Мои родители относились к среднему классу и получили высшее образование. Они научили меня читать еще до поступления в школу и обеспечили хорошее образование, которое стало отправной точкой моей будущей карьеры. Однако немногие в США далеко ушли от своих довольно скромных корней. Большинство моих предков приехали в страну во время Ирландского картофельного голода в первой половине XIX века. Мой прапрадед сначала был разнорабочим, а затем доставлял по Бруклину товары — пешком или на запряженной пони тележке. Собственно говоря, все мои прапрадеды были фермерами или рабочими: каменщиками, кожевниками, плотниками. Хотя они прибыли из страны, где говорили по-английски, некоторые мои ирландские предки не умели ни читать, ни писать, и вместо подписи в их завещаниях стоит крестик.

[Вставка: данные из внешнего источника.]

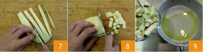luego en tiras de aproximadamente 1 cm de ancho 7 y finalmente en cubos 8. Cocina la pasta en abundante agua con sal a tu gusto. Aparte, calienta la otra mitad del aceite en una sartén, añade un diente de ajo y los cubos de berenjenas 9.
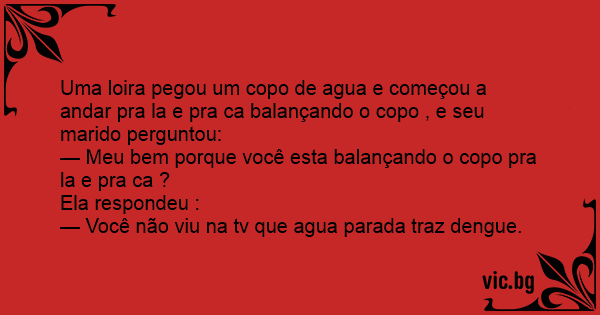 Uma loira pegou um copo de agua e começou a andar pra la e pra ca balançando o copo , e seu marido perguntou: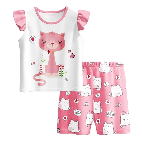 LQSZ Girls Pajamas Set Kids 4 Piece Summer Flutter Sleepwear Toddler Short Sleeves PJs Pajama for 3-10 Years 2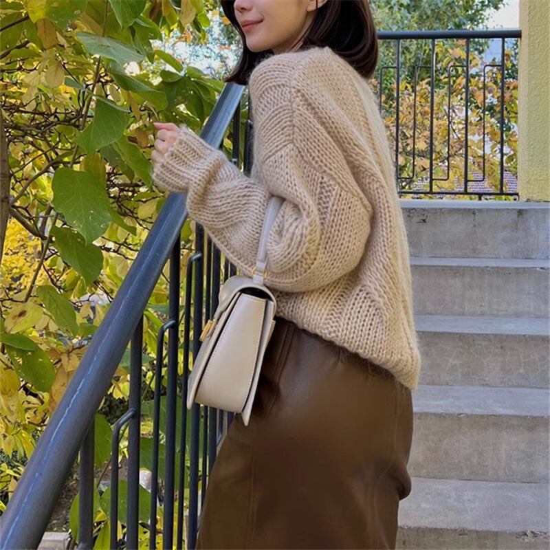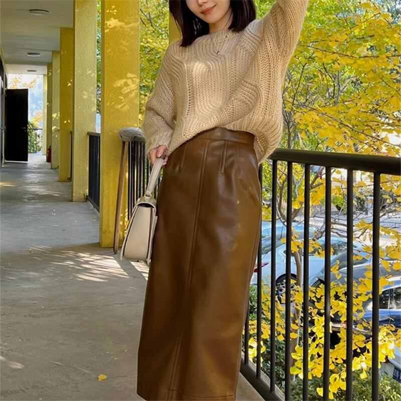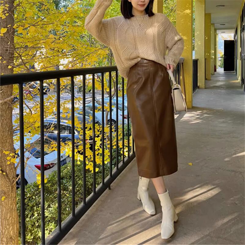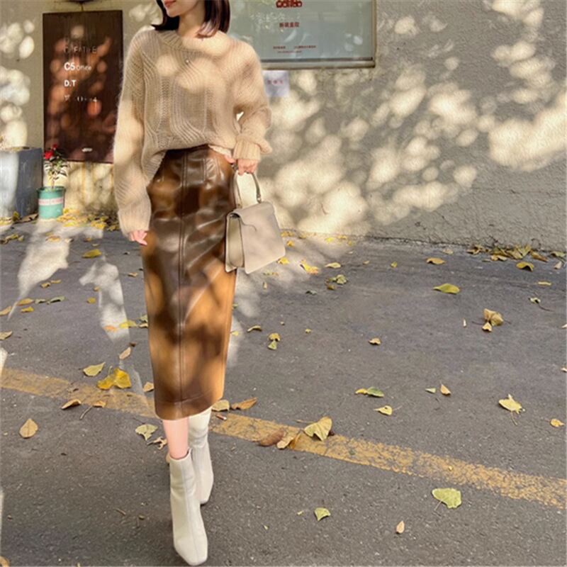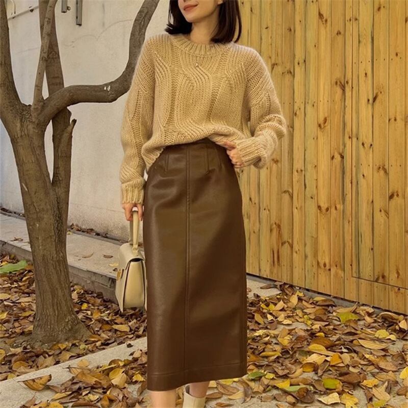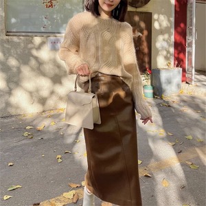 【set】ニットプルオーバー×レザースカートセット M17781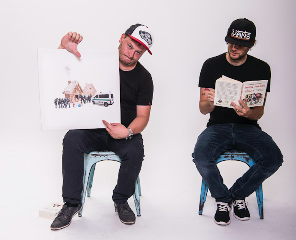 Jsme Dominik Landsman, autor veleúspěšné knihy Deníčky moderního fotra a Tomáš Břínek, grafik a kolážista známý pod pseudonymem TMBK. . Naše 1. Továrna na debilno se stala rekordmanem na crowdfundingovém portálu HitHit, když vybrala téměř 900 tisíc korun od 2000 lidí. Prodali jsme už přes 15 tisíc výtisků. Druhý díl se věnuje grotesknímu scénáři: "Co by se stalo, kdyby Miloš Zeman zemřel?" "Plakal by Jiří Ovčáček tisíc dní a nocí a poté se znovu provdal? "Jmenoval by se Andrej Babiš císařem?". Jde o "skandálně nekorektní" satirické dílo, které čtenáři popisují jako "brutálně ostrou politickou grotesku".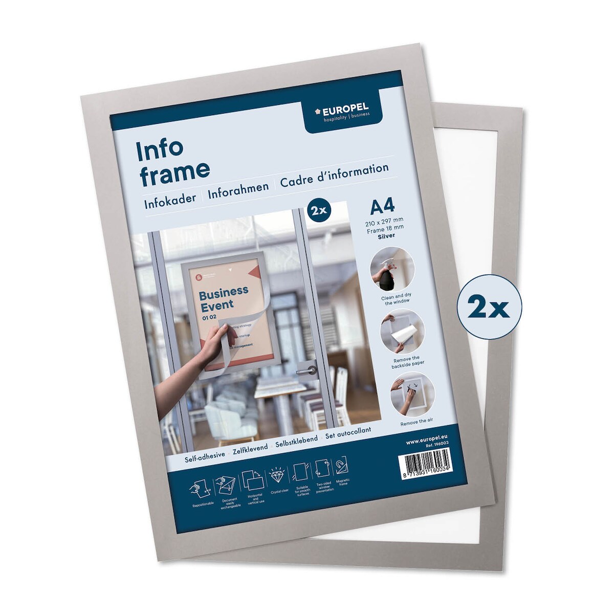 Inforahmen Europel / Selbstklebend Set 2 Stück A4 silber, 196003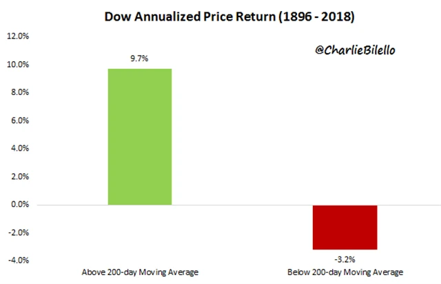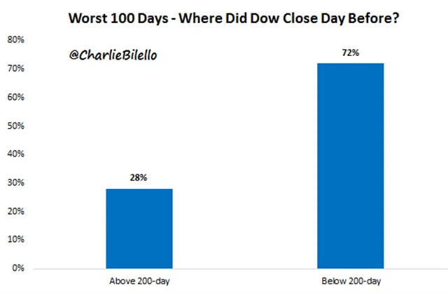 Před 100 nejhoršími obchodními dny historie (ztráty hlubší než 4,6 %) byl Dow pod 200denním průměrem v 72 % případů.

Прошло два поколения — и мой дед по линии матери поступил в колледж и со временем стал вице-президентом банка. Жизнь иммигрантов первого и второго поколений была очень тяжелой: им постоянно грозила безработица (порой ежегодно), почти всегда они теряли одного ребенка (а иногда двух и более). Я пользуюсь плодами их тяжелой работы, которую они выполняли во имя лучшей жизни своих детей и внуков. Мое рождение в этой семье, в этом месте и в это время было чистой воды удачей, основанной на труде предков. Осмысляя эти факты, я преисполняюсь скромности.
Принадлежность к академическим кругам тоже воспитывает скромность. В этом же учреждении, а часто прямо в этом же здании всегда есть люди, знающие по каждой теме больше вас. (Честно говоря, это могут быть даже студенты.) И это второй источник скромности: вы просто не самый умный человек в своем окружении. Успех организации, которую вы возглавляете, зависит от всей команды. Чтобы достичь запланированных результатов, вам понадобятся знания и помощь ее членов, поэтому лучше всего сразу признать, что вы чего-то не знаете, понять, что знают ваши коллеги, и скромно попросить о помощи.
Привлечение средств — один из лучших способов упражняться в скромности на руководящей должности. Когда вы взаимодействуете с тысячами сотрудников, десятками тысяч студентов и распоряжаетесь миллиардами долларов бюджета и фондов, власть может довольно быстро и крепко ударить в голову. Скромная задача привлечения финансов может послужить отличным противоядием.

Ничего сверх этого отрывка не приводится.